[Opening Extracted data section]

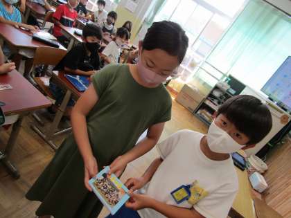目を見て伝わりやすくなる工夫をしたよ。ジャスチャーも付けたよ。など,相手意識をもった会話の工夫をたくさん実践できたようです。
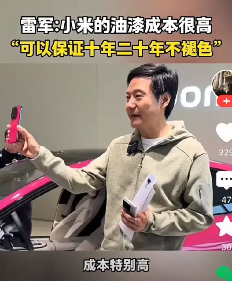 一辆汽车的油漆,要在风吹雨打中历经十年二十年而不褪色,是极为困难的……一般的家用汽车用不起这么昂贵的油漆,其成本非常之高。言外之意,只有小米这种“不一般”的家用汽车,才用得起“这么贵”的油漆。
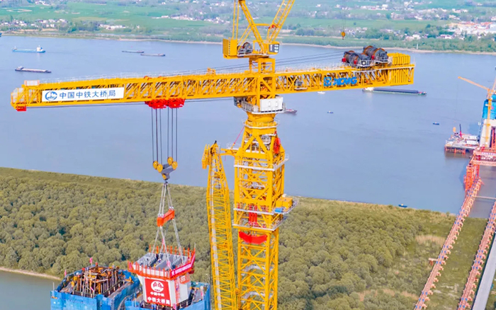 超級裝備賦能超級工程。4月10日,巢馬城際鐵路馬鞍山公鐵兩用長江大橋項目建設(shè)迎來重要節(jié)點,全球最大塔機(jī)徐工XGT15000-600S順利完成首節(jié)段鋼塔吊裝,大橋進(jìn)入到上塔柱的施工階段。
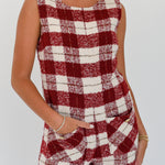 The Kate Tweed Romper in ivory and burgundy offers a chic and comfortable look with its sleeveless design and round neckline. Crafted from tweed fabric, it delivers a textured style that stands out while providing pockets for added convenience. This romper is perfect for those seeking an easy, polished outfit that supports your busy lifestyle with both flair and function.
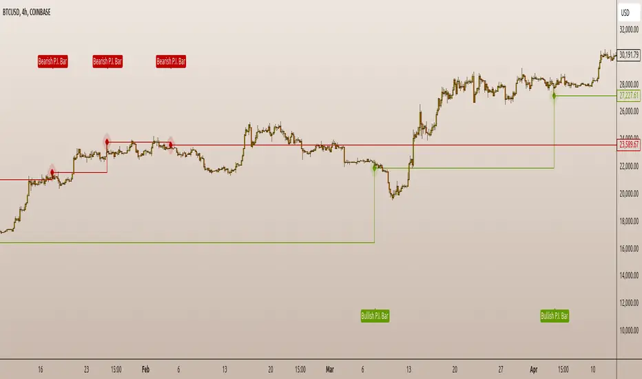 The "P.I.B. System (Pin Bar | Inside Bar)" script is designed to help traders identify potential reversal points in the market by detecting bullish and bearish pin bars and inside bars. A pin bar is a candlestick pattern that indicates a potential reversal, characterized by a small body and a long wick. Inside bars are candlestick patterns where the current bar's high and low are within the previous bar's range, indicating potential consolidation before a breakout.
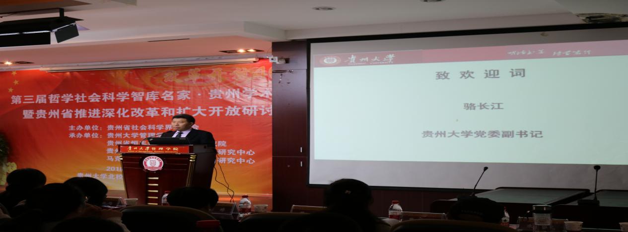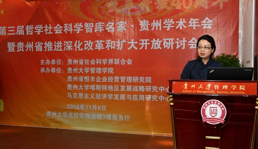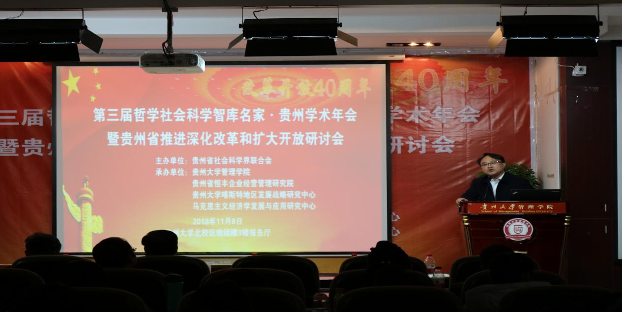 11月8日,由贵州省社会科学界联合会主办,贵州大学管理学院、贵州省恒丰企业经营管理研究院、贵州大学喀斯特地区发展战略研究中心、马克思主义经济学发展与应用研究中心联合承办的第三届哲学社会科学智库名家•贵州学术年会暨贵州省推进深化改革和扩大开放研讨会,在贵州大学北校区致远楼3楼报告厅隆重举行,来自全省社科界的专家学者和相关政府与企业的代表及贵州大学师生等150余人参加了会议。
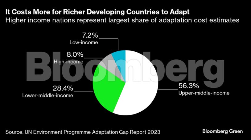 Η έκθεση του UNEP τονίζει ακόμα δύο σημαντικά σημεία για τη χρηματοδότηση έως το 2030: Το πρώτο αφορά στις σχετικές χρηματοδοτικές ανάγκες προσαρμογής ανά χώρα σύμφωνα με το εισόδημα. Όπως σημειώνεται οι χώρες ανώτερου και χαμηλού-μεσαίου εισοδήματος έχουν το υψηλότερο «απόλυτο κόστος» για την προσαρμογή. Παρ΄όλα αυτά, οι επενδυτικές απαιτήσεις προσαρμογής των πλουσιότερων χωρών είναι σχετικά χαμηλές όταν εξετάζονται ως μερίδιο των επιπέδων εισοδήματός τους. Οι χώρες χαμηλού εισοδήματος, παρά τις μικρότερες ανάγκες τους, έχουν πολύ υψηλότερο επενδυτικό βάρος προσαρμογής ως ποσοστό του ΑΕΠ στο 3,5%. Αυτό καθιστά ακόμη πιο σημαντική τη διεθνή στήριξη τέτοιων προσπαθειών.
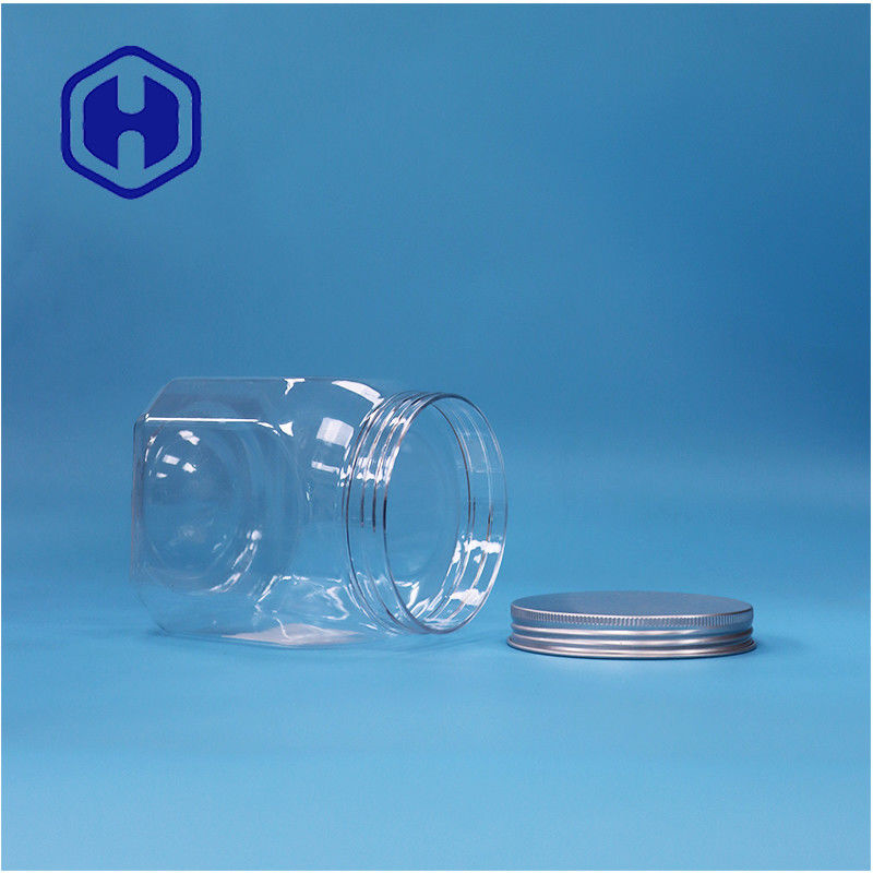 Bentuk Poligonal PET Plastik Kue Rock Candy Kacang Kertas Jar Aluminium Tutup

[Closing Extracted data section]

Problem to solve
Transcribe the entries from their first line to the line that holds "The Kate Tweed", both included, and skip every picture.

Written response
目を見て伝わりやすくなる工夫をしたよ。ジャスチャーも付けたよ。など,相手意識をもった会話の工夫をたくさん実践できたようです。
 一辆汽车的油漆,要在风吹雨打中历经十年二十年而不褪色,是极为困难的……一般的家用汽车用不起这么昂贵的油漆,其成本非常之高。言外之意,只有小米这种“不一般”的家用汽车,才用得起“这么贵”的油漆。
 超級裝備賦能超級工程。4月10日,巢馬城際鐵路馬鞍山公鐵兩用長江大橋項目建設(shè)迎來重要節(jié)點,全球最大塔機(jī)徐工XGT15000-600S順利完成首節(jié)段鋼塔吊裝,大橋進(jìn)入到上塔柱的施工階段。
 The Kate Tweed Romper in ivory and burgundy offers a chic and comfortable look with its sleeveless design and round neckline. Crafted from tweed fabric, it delivers a textured style that stands out while providing pockets for added convenience. This romper is perfect for those seeking an easy, polished outfit that supports your busy lifestyle with both flair and function.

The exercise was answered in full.